**Action item**
Please repeat the whole listing exactly, but leave out any picture it holds.

**Collected material**
··········
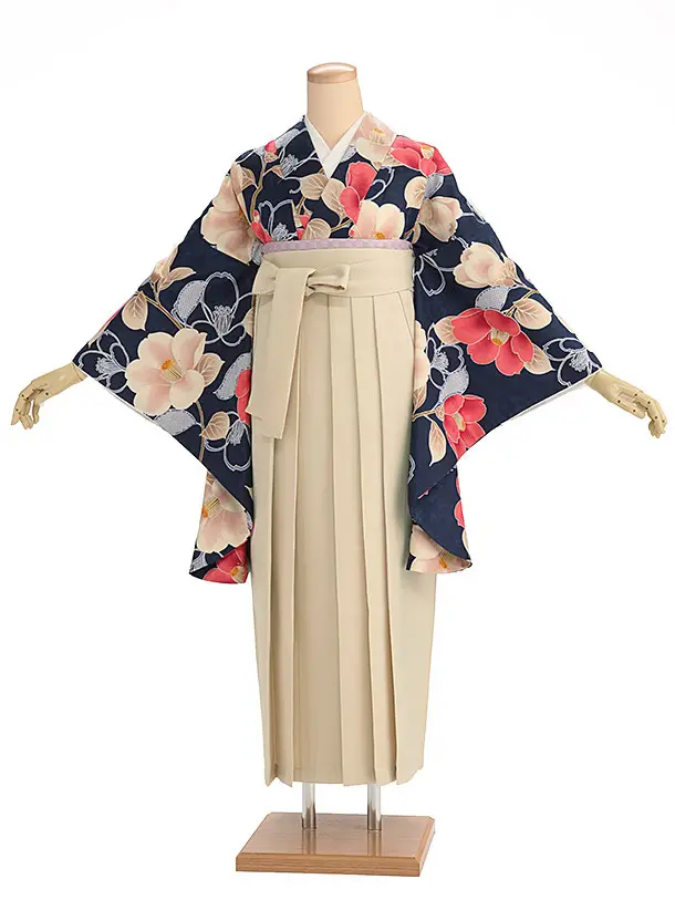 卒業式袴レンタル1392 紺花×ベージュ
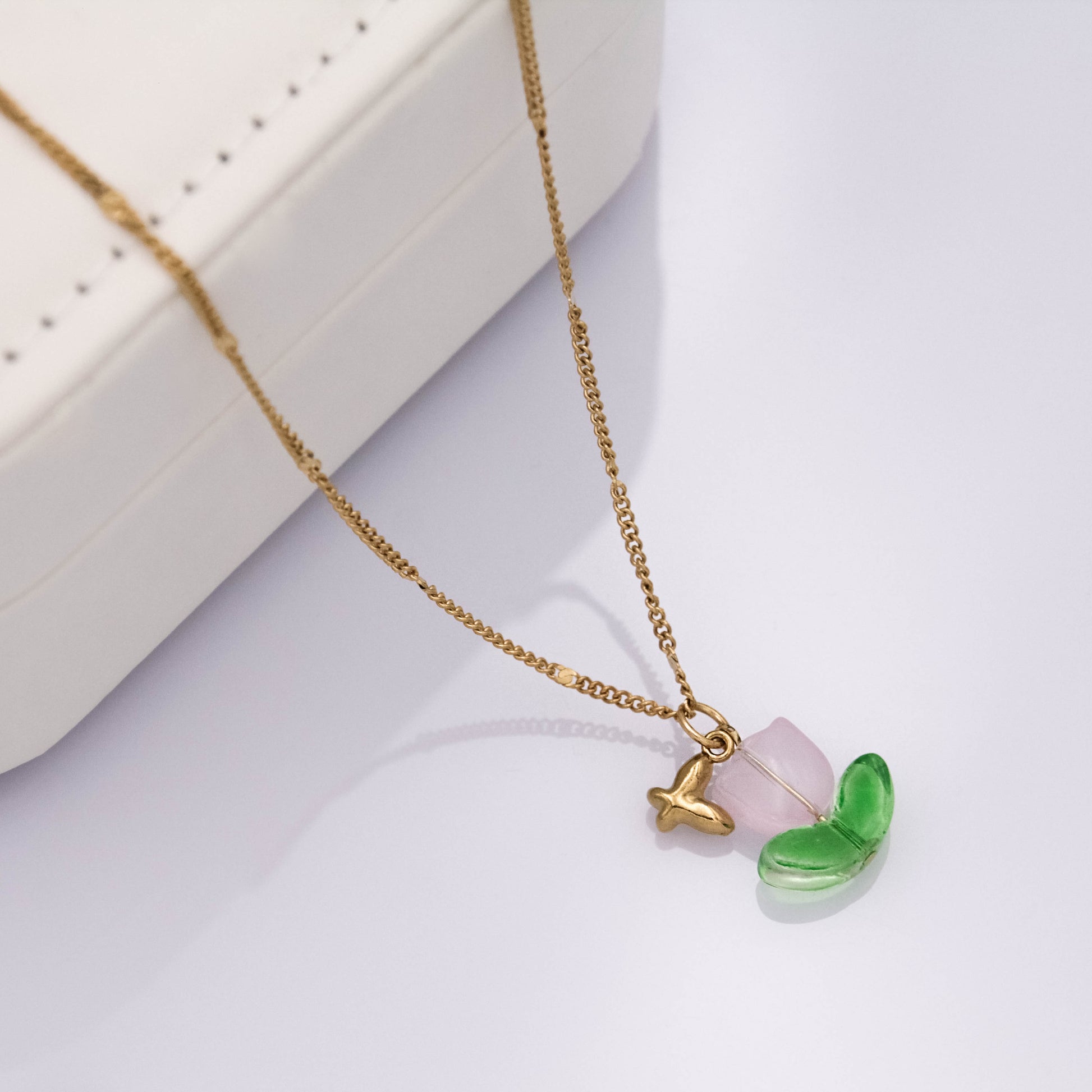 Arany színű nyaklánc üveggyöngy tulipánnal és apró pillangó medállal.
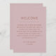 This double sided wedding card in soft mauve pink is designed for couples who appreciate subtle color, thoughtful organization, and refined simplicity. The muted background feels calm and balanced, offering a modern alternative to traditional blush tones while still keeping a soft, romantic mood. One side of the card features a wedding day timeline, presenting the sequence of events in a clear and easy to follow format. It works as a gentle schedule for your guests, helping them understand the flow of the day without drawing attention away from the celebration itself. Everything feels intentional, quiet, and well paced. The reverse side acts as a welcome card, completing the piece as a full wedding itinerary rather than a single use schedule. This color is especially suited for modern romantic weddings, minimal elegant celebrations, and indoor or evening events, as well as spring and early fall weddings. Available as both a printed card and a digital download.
··········
**Solution to the exercise**
 卒業式袴レンタル1392 紺花×ベージュ
 Arany színű nyaklánc üveggyöngy tulipánnal és apró pillangó medállal.
 This double sided wedding card in soft mauve pink is designed for couples who appreciate subtle color, thoughtful organization, and refined simplicity. The muted background feels calm and balanced, offering a modern alternative to traditional blush tones while still keeping a soft, romantic mood. One side of the card features a wedding day timeline, presenting the sequence of events in a clear and easy to follow format. It works as a gentle schedule for your guests, helping them understand the flow of the day without drawing attention away from the celebration itself. Everything feels intentional, quiet, and well paced. The reverse side acts as a welcome card, completing the piece as a full wedding itinerary rather than a single use schedule. This color is especially suited for modern romantic weddings, minimal elegant celebrations, and indoor or evening events, as well as spring and early fall weddings. Available as both a printed card and a digital download.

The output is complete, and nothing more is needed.